- Exercise requirements
Could you retype the material, starting at its first line and ending with the line holding "Iseki-Matsuyama MFG. Co., Ltd.", and keep the pictures out?

- Excerpted records
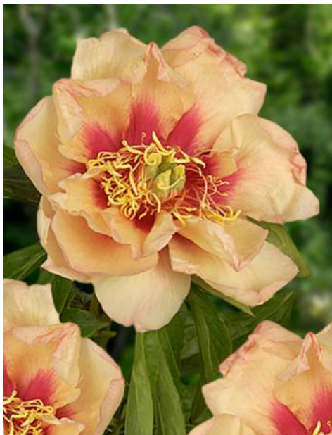
itoh Callie's Memory (1990)
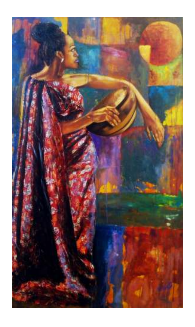
LOOKING INTO THE FUTURE
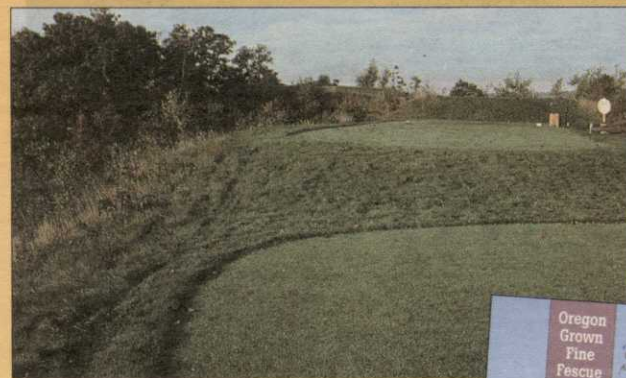
Widow's Walk GC, Massachusetts
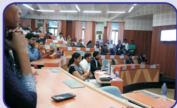
Participants of the 4th International B-Plan Championship
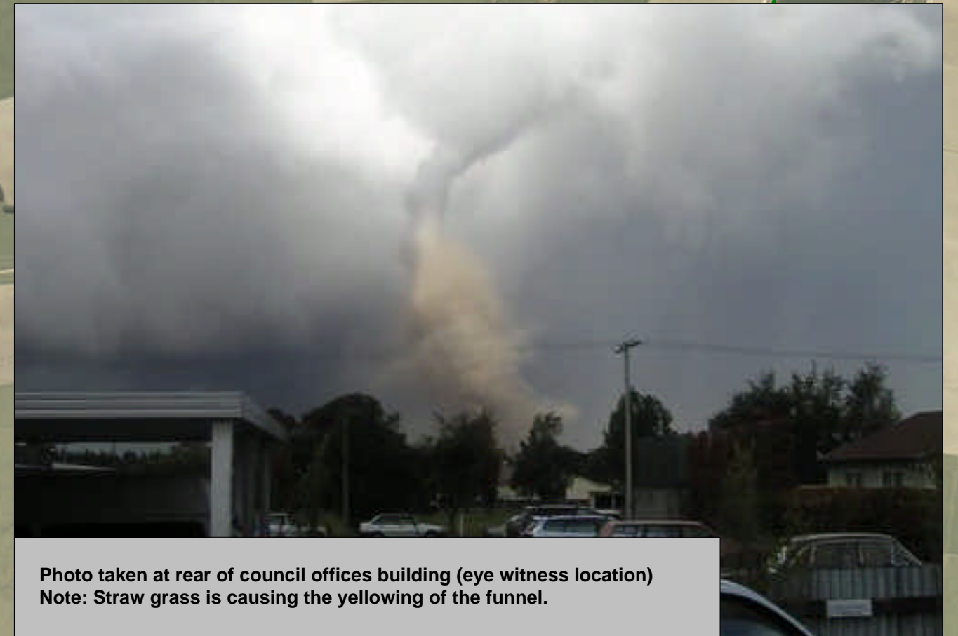
Photo taken at rear of council offices building (eye witness location) Note: Straw grass is causing the yellowing of the funnel.
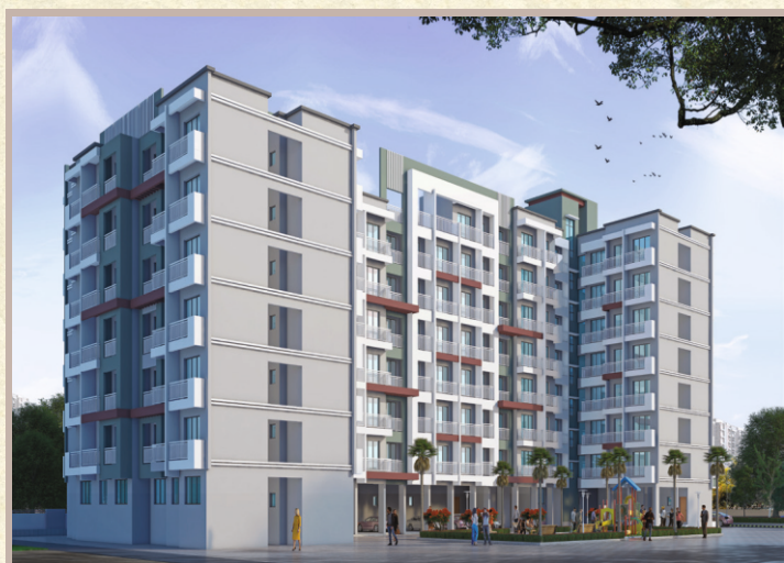
SK HEIGHTS III
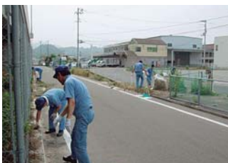
Iseki-Matsuyama MFG. Co., Ltd.

As part of our practices regarding “Contribution to society and community”, which Iseki Group presents as our environmental policies for each district, our employees participate in cleaning activities in their district.
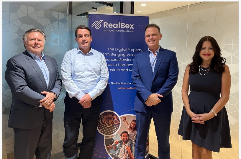
RealBex's external advisory board members during a recent meeting in Dubai
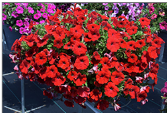
Capella Ruby Red Petunia in bloom

Capella Ruby Red Petunia will grow to be about 12 inches tall at maturity, with a spread of 16 inches. When grown in masses or used as a bedding plant, individual plants should be spaced approximately 12 inches apart. Its foliage tends to remain dense right to the ground, not requiring facer plants in front. This fast-growing annual will normally live for one full growing season, needing replacement the following year.
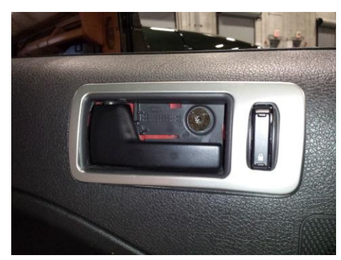
Step 4: Pull the inner door handle out and pop the inner cover out exposing the torx screw below.
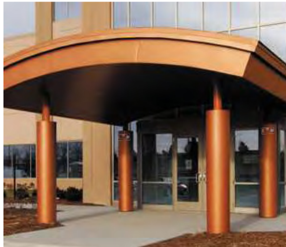
Commerical Office Building
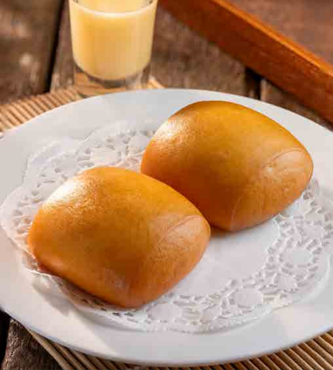
Fried Mantou 炸馒头
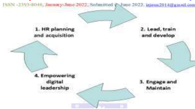
Fig.1.3. Talent Lifecycle

1. Manpower Planning and Acquisition: attracting the best talent has to do with creating the right talent that is competitive in the right job. There is very little digital talent and organizations often do not find the skills they need on the job market. However, the recruitment process must use innovative solutions to show organizations as digital brands(12).
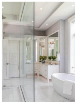
THE RESIDENCE'S DESIGN COMBINES A CALM, COOL COLOR PALETTE WITH A CLEAN, AIRY LOOK CREATED BY LOTS OF WINDOWS AND NATURAL LIGHT.
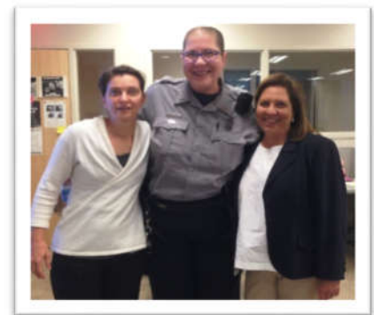
Diversion First partners.
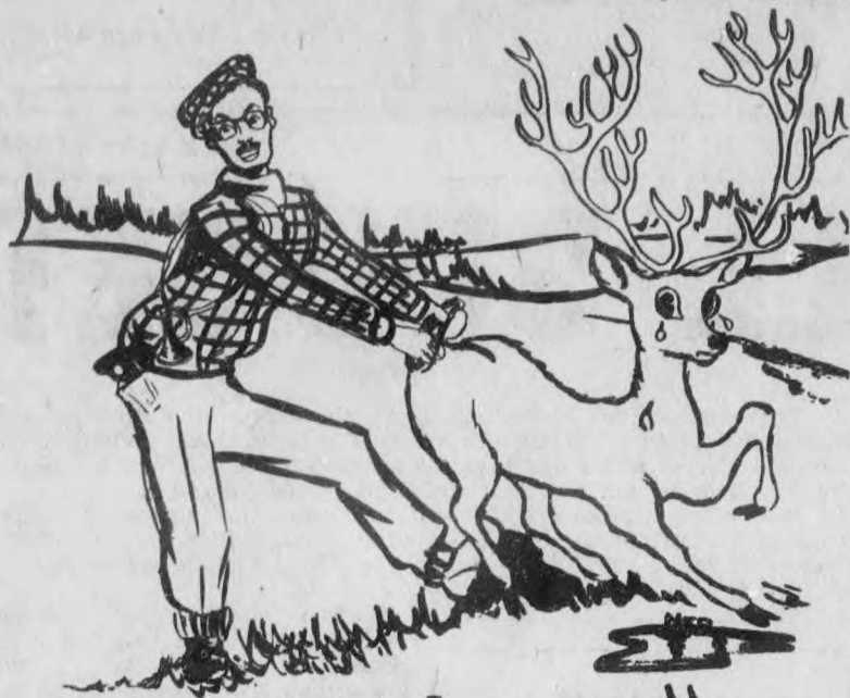
Biggest Buck I ever saw!!

Hunting is an activity that has had a long and varied history. In present days, the activity has divided into a great many different branches.
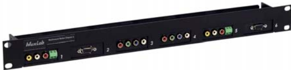
Fully loaded - front view
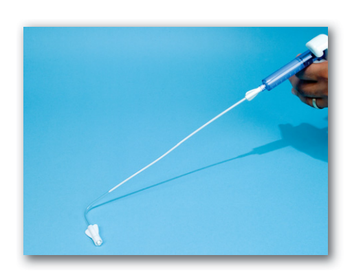
• Turn injector handle to begin cement injection
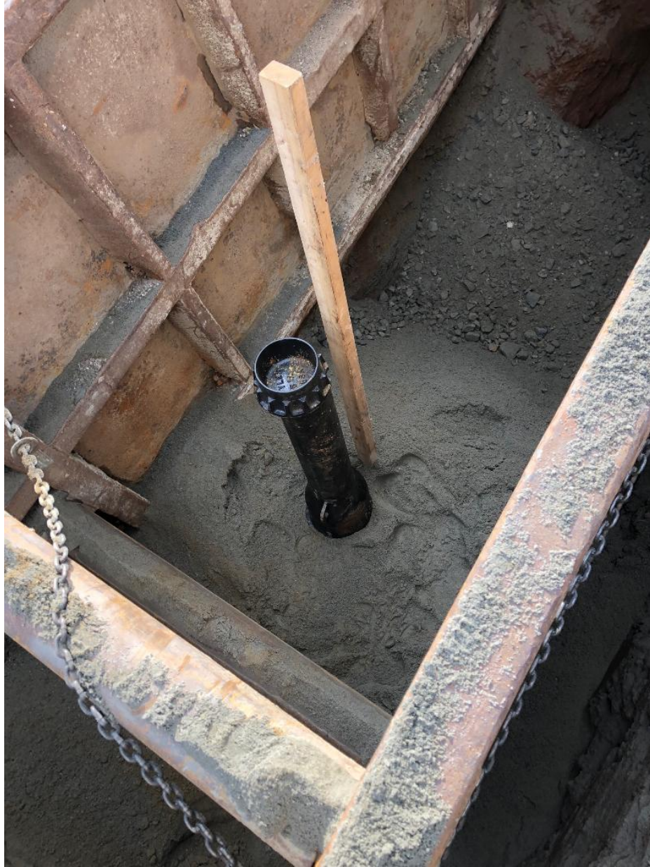
Figure 8 – Valve after installation of riser and gate box, and after sand bedding has been placed over the valve assembly.
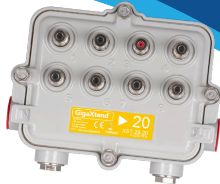
XST-28-20 (front view)

The GigaXtend™ family of Taps and Line Passives injects immediate cost and performance benefits into existing HFC networks, as well as positions cable operators to seamlessly extend the bandwidth capabilities of their HFC networks to 2GHz and beyond.

- Result of this task
itoh Callie's Memory (1990)
LOOKING INTO THE FUTURE
Widow's Walk GC, Massachusetts
Participants of the 4th International B-Plan Championship
Photo taken at rear of council offices building (eye witness location) Note: Straw grass is causing the yellowing of the funnel.
SK HEIGHTS III
Iseki-Matsuyama MFG. Co., Ltd.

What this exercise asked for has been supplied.